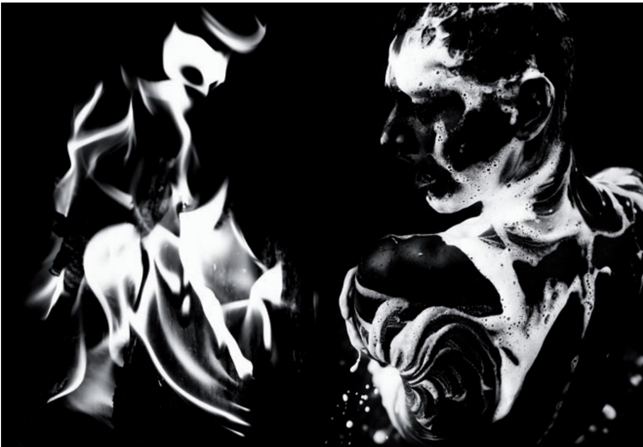
AURA. DÍPTICO Nº 239, 2018

and exploration of the different ways the images can be combined. In this exhibition, ROMA and Aura are displayed in two wings of the same space, so the images can come face to face and interrelate. Versus occupies the Sala Torre, which also features materials the artist used to prepare the work in the form of a photobook.
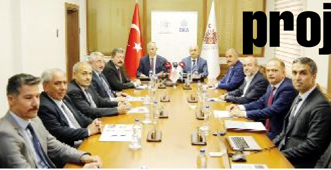
OKA Toplantısı Çorum Valiliği evsahipliğinde Amasya Valisi Yılmaz Doruk yönetiminde gerçekleştirildi.

● Orta Karadeniz Kalkınma Ajansı 2023 yılı 3. Yönetim Kurulu Toplantısı Amasya Valisi Yılmaz Doruk başkanlığında Çorum, Tokat ve Samsun Valilerinin de katılımı ile yapıldı. 2023 yılı çalışmalarının değerlendirilerek 2024 yılı çalışma programı ile ilgili görüş alışverişinde bulunulan toplantıda konuşan Vali Doruk, bölgesel kalkınmaya proje destekleri ile önemli katkılar sağladıklarını söyledi. •3'de
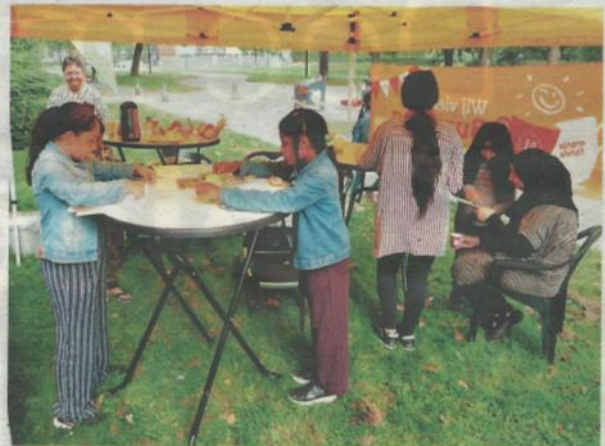
Burendag bij Ontmoetingshuis De Weerklank in Groenoord.

elkaar te ontmoeten. Onze medeflatbewoners waren daarvoor allemaal persoonlijk uitgenodigd. Burendag werd afgesloten met een warme avondmaaltijd. "Wat was het leuk en wat was het gezellig", laat de organisatie weten. "We hebben veel nieuwe gezichten gezien en zo'n veertig mensen ontvangen. Alle vrijwilligers, bedankt!"
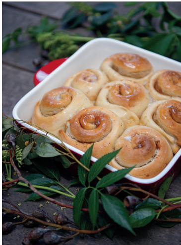
Bild 11 Seite 151 Zimtrollen
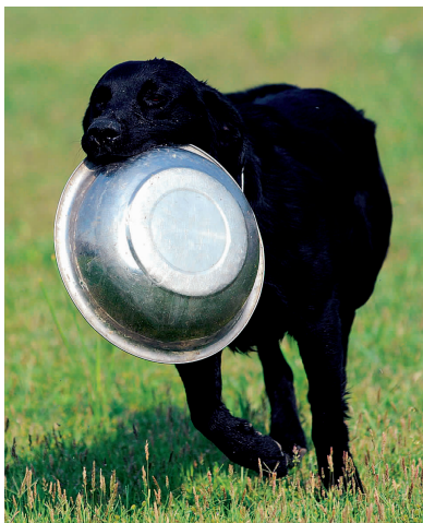
“闪电”最喜欢玩饭盆
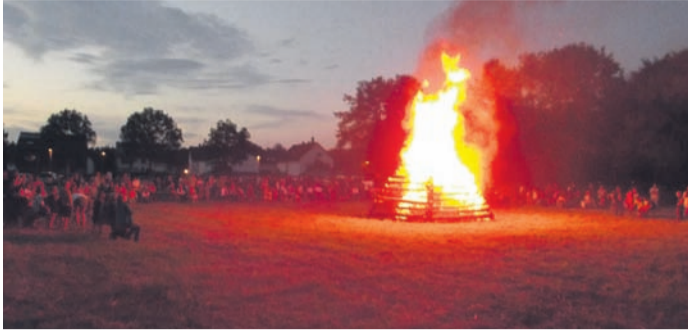
Sonnenwendfeuer in Eppertshausen.

Das Brauchtum der Sommersonnenwende hat seinen Ursprung vor allem im germanischen Volksglauben. Die Sommersonnenwende, der längste Tag und die kürzeste Nacht mit dem höchsten Stand der Sonne, war ein wichtiger Einschnitt im bäuerlichen Jahreszyklus. War im Frühjahr der Regen dem Wachstum der Knospen und Früchte förderlich, so sollte von nun an die Sonne die Ernte reifen lassen. Der katholischen Kirche war ein solch heidnisches Brauchtum zuwider. Als Verbote nicht fruchteten, wurde das Sonnenwendfest christianisiert und mit dem Geburtstag Johannes des Täufers am 24. Juni verknüpft. Aus dem Sonnenwendfeuer wurde allmäh-
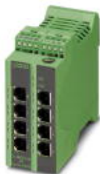
Управляемый коммутатор Ethernet Lean с восемью портами RJ45 на 10/100 Мбит/с

Обратите внимание на то, что приведенные здесь данные взяты из online-каталога. Полная информация и данные содержатся в документации пользователя. Действуют Общие условия использования для информации, загруженной из интернета. ( http://phoenixcontact.ru/download )
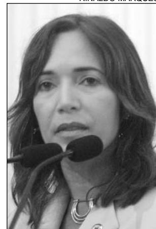
AÇÃO - Elogio da socialista
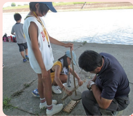
火おこし体験と消防体験を行う参加者
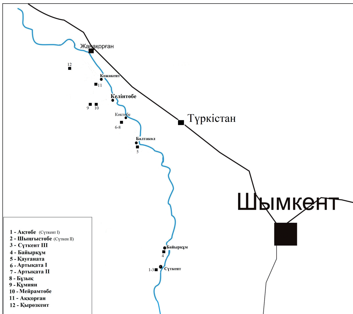
1-сур. Сырдарияның сол жағалауындағы ортағасырлық қалалардың орналасу картасы

Сүткент. Сырдарияның сол жағалауындағы Сүткент қаласы туралы X–XV ғғ. аралығындағы араб, парсы тілінде жазылған деректерде аз да болса кездеседі. Қала туралы алғаш X ғ. өмір сүрген
○ ○ ○
Task goal: Copy whichever lines in the listing above hold "жағалауындағы".

Answer below:
1-сур. Сырдарияның сол жағалауындағы ортағасырлық қалалардың орналасу картасы
Сүткент. Сырдарияның сол жағалауындағы Сүткент қаласы туралы X–XV ғғ. аралығындағы араб, парсы тілінде жазылған деректерде аз да болса кездеседі. Қала туралы алғаш X ғ. өмір сүрген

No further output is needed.